Melinda Strickland was falling into a trap that was being baited by Herman Klein. It was the “I’m just a poor dumb country boy” ruse that locals loved to spring on outsiders and especially government officials. Joe recognized the trap from experience.

“My understanding is that just about half of all the land in the state of Wyoming is owned and managed by the federal government,” Klein said, “Whether it’s the Forest Service, or the BLM, or the Park Service, or whatever. In any case, half of our state is run by federal bureaucrats. Not that I have anything against federal bureaucrats, of course.”

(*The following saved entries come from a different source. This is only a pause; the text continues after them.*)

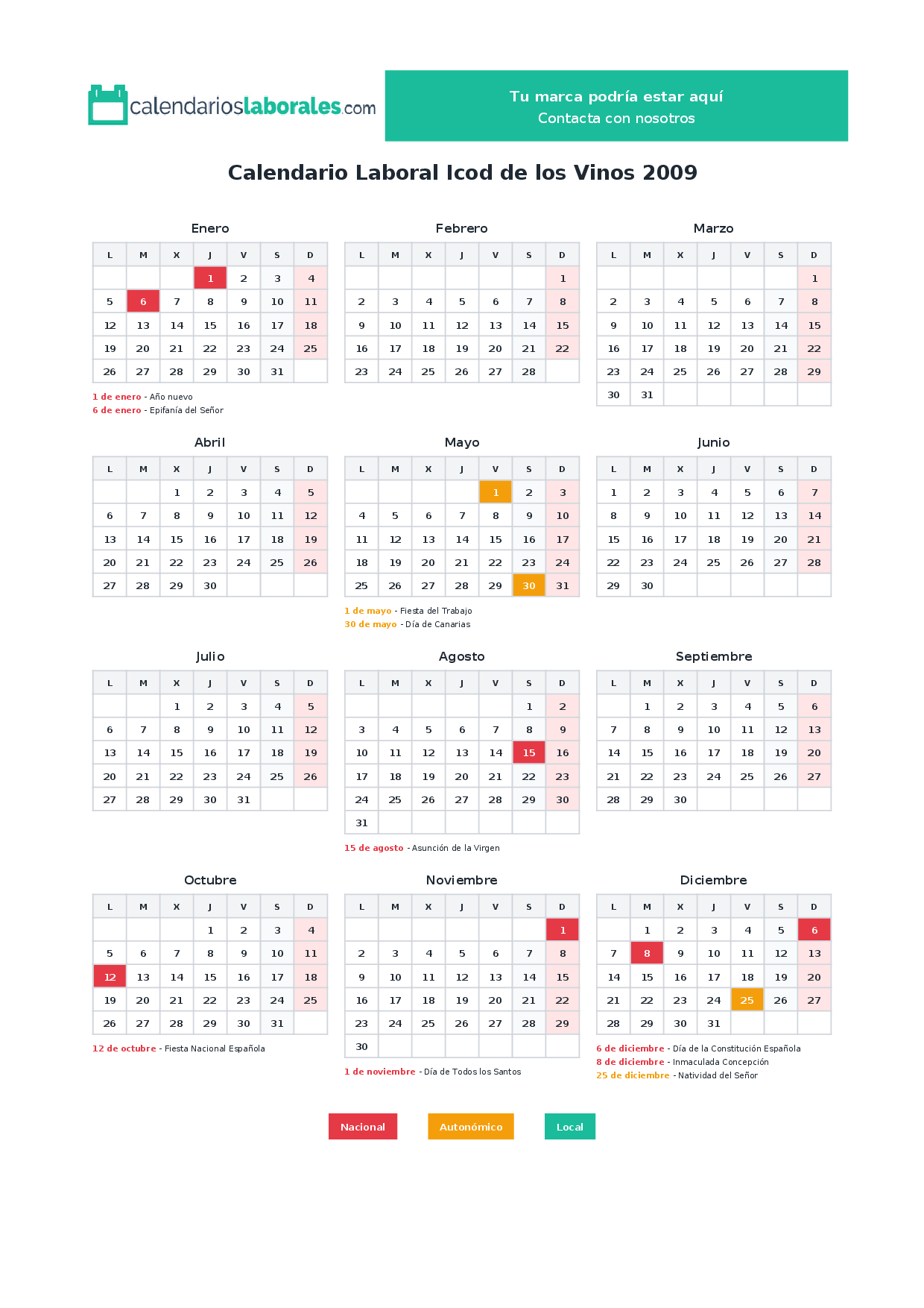 En 2009, 7 festivos nacionales se celebran en todo el territorio español, incluidos en el calendario laboral de Icod de los Vinos.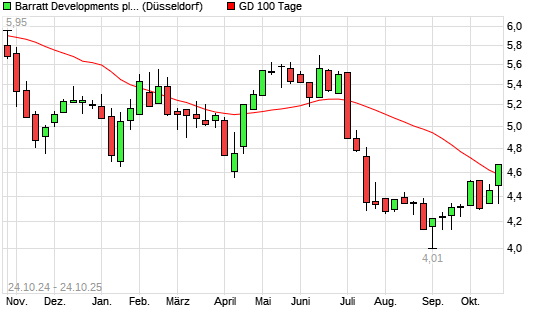 Mit dem Anstieg auf 4,57 EUR hat die Barratt Developments-Aktie am 23.10.2025 die 100-Tage-Linie nach oben gekreuzt.Die Barratt Developments-Aktie befindet sich seit dem 03.07.2025 im langfristigen ...weiterlesen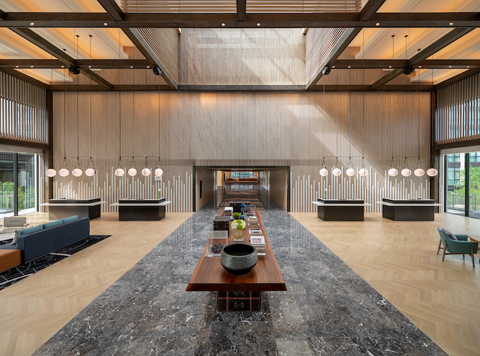 绵阳首开喜来登酒店的大堂被赋予“开放式共享空间”的定位,完整且开放的空间可供旅客社交或独处。酒店融合了多种喜来登品牌焕新的元素:共享长桌兼具形式与功能,内置照明、插座和无线充电等设施,可满足旅客专心工作或享受美食的不同需求;工作室提供灵活的聚会空间,在此举行小型会议或私人用餐两相宜;电话亭可供旅客在此进行私密畅快的交流。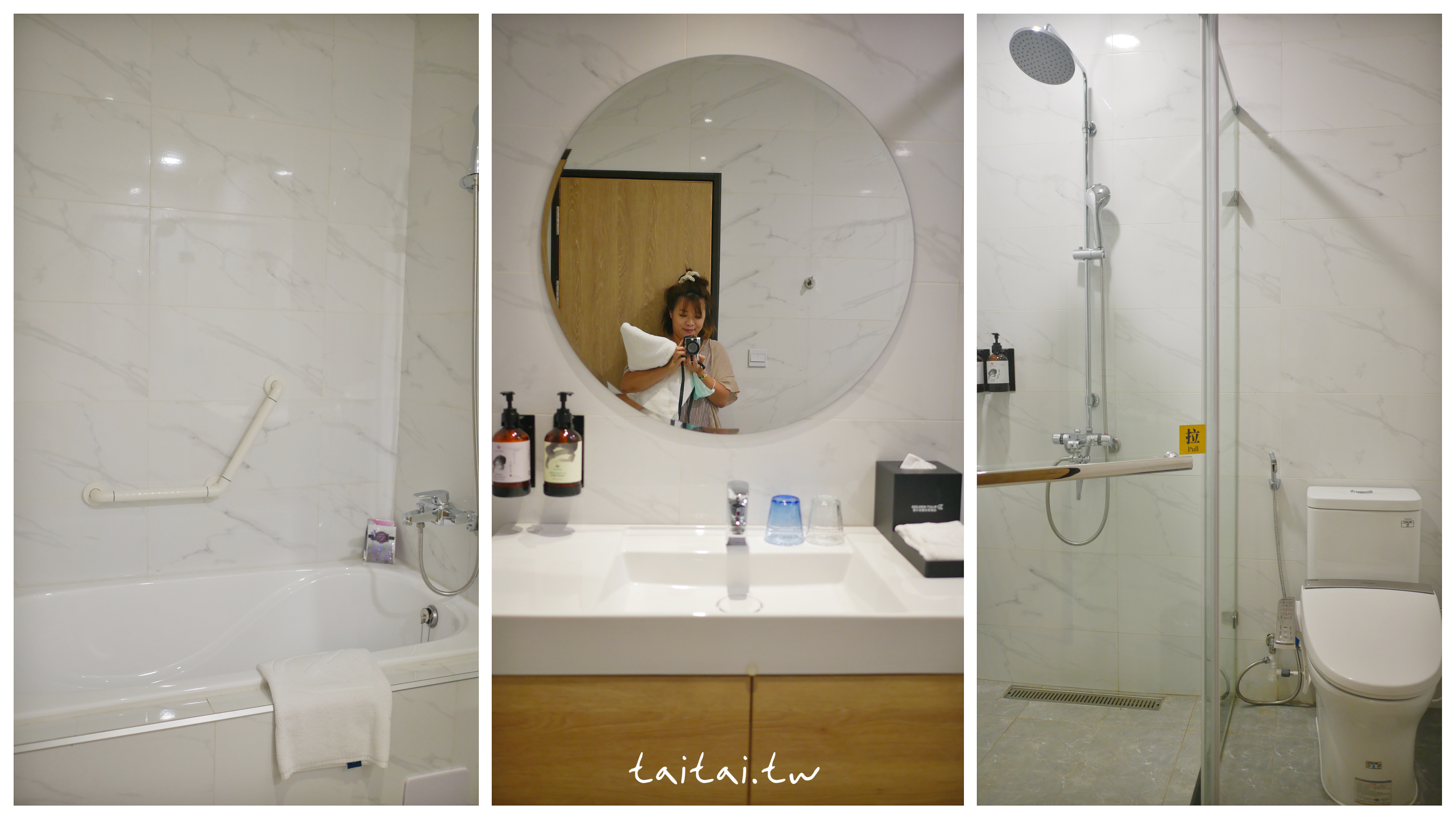 浴室的空間算大,全家人都在浴室裡面一起活動也是OK的,因為有浴缸、我就沒有特別請飯店準備嬰兒澡盆,讓龍哥沖一沖就跟我一起在浴缸裡泡澡,他很開心,因為飯店的蓮蓬頭水柱都很強,他喜歡幫人家洗牆壁,浴缸旁也有安全扶手設施。

The crowd tittered and even Joe smiled. Melinda Strickland stood with her hands on her hips and her eyes cold. One of her employees started to sit down beside her and she shot him a withering look. He stood back up.

“The problem I got with this,” Klein continued, “is that there is no accountability. If all this land was run by the state, or even local politicians, we could vote them out if we wanted to. If it was run by a corporation we could buy stock and go to board meetings and raise hell. But because it’s run by bureaucrats who nobody elected-all we can do is come to meetings like this to hear what you’re going to do to our forests and our countryside.” There were murmurs of assent.

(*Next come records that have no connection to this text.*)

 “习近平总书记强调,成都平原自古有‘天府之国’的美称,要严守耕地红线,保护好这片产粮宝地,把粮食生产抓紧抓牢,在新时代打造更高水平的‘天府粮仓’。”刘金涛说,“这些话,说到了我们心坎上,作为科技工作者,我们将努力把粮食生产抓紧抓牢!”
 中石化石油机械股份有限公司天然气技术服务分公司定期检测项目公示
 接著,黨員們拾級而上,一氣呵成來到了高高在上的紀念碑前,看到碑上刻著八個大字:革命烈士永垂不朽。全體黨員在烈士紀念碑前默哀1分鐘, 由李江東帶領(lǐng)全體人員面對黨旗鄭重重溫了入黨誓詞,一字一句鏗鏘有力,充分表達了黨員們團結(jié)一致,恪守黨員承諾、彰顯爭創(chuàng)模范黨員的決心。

“Excuse me,” Melinda Strickland interrupted. “Excuse me. Our agency manages the resources on behalf of the public. We’re not dictators here, ya know.” She looked to the back of the room for approval. The two men standing next to Robey Hersig nodded to her.

“That may be,” Herman Klein agreed, smiling. “But by saying you’re managing things on behalf of the public you’re basically saying that those of us here in this room who live here aren’t the public, because you sure as hell never asked us anything.”

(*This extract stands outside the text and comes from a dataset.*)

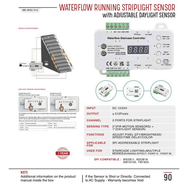 WATERFLOW RUNNING STRIPLIGHT SENSOR with ADJUSTABLE DAYLIGHT SENSOR MEM282
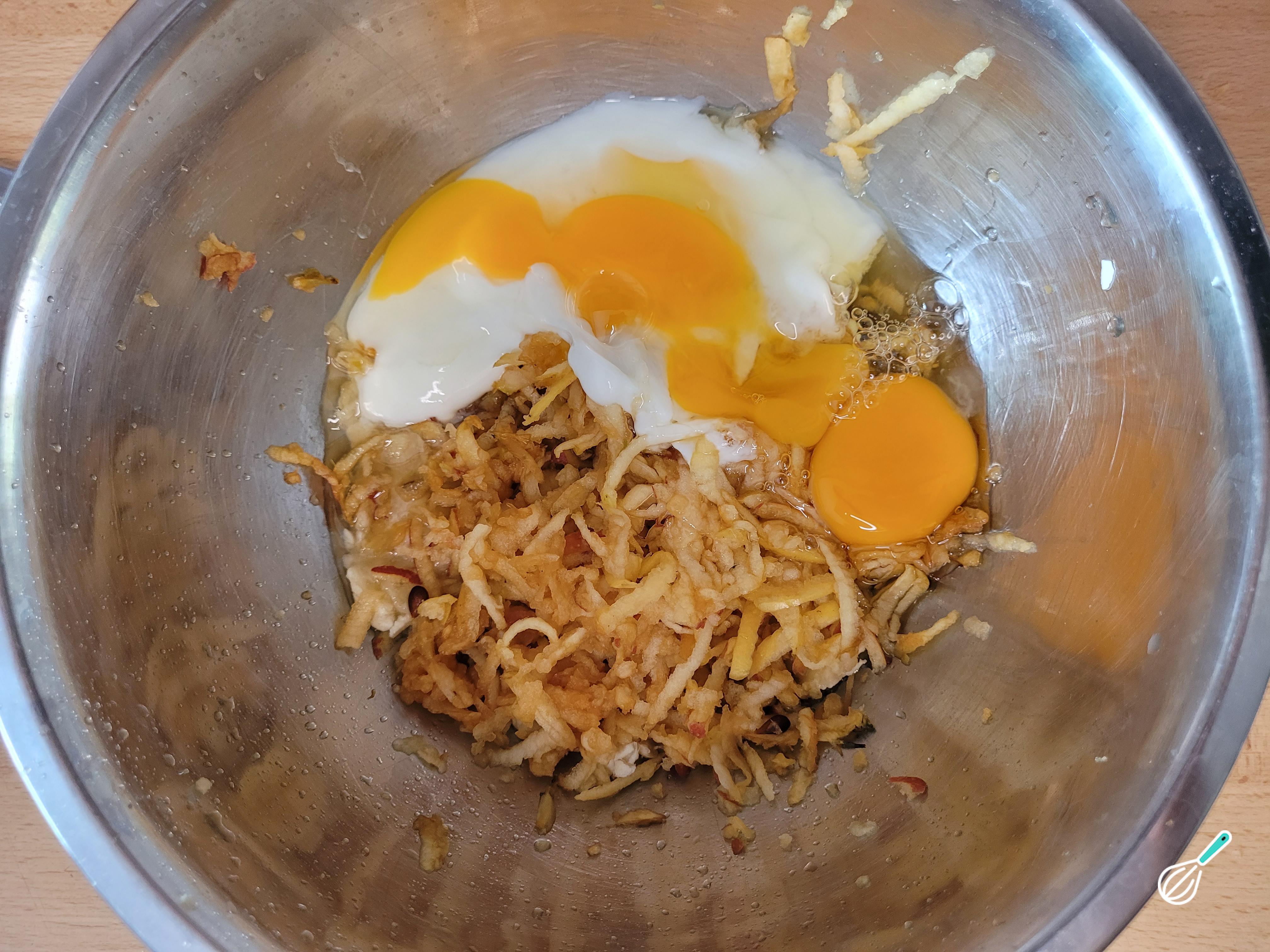 Na tigela com a banana e a maçã raladas, misture todos os ingredientes líquidos.

“That’s the purpose of this meeting!” Melinda Strickland countered, exasperated.

“If that’s the case,” Klein asked, “why did you try to shut me up just a minute ago when I stood up?”

“Because there needs to be order,” Strickland said, her face flushed. “We can’t do things based on mob rule.”

Herman Klein feigned surprise. He slowly looked around the room. “This doesn’t look like a mob to me,” he said. “This looks like a group of concerned local citizens who came out on a cold-ass night to participate in a public meeting.”

“Nailed her,” Hersig whispered. “He nailed her.”

Joe nodded.

“This,” Melinda Strickland said, her voice rising and her finger pointed at Herman Klein, “This is an example of the problem. I’ve had a district supervisor murdered and a hardworking BLM employee assaulted because of this kind of hateful attitude.”

“Me?” Klein asked, genuinely hurt. “What in the hell did I do?”

“You didn’t do anything, as far as I know,” she said. “But this kind of antigovernment attitude allows things like that to happen! It practically guarantees that things like that will happen!”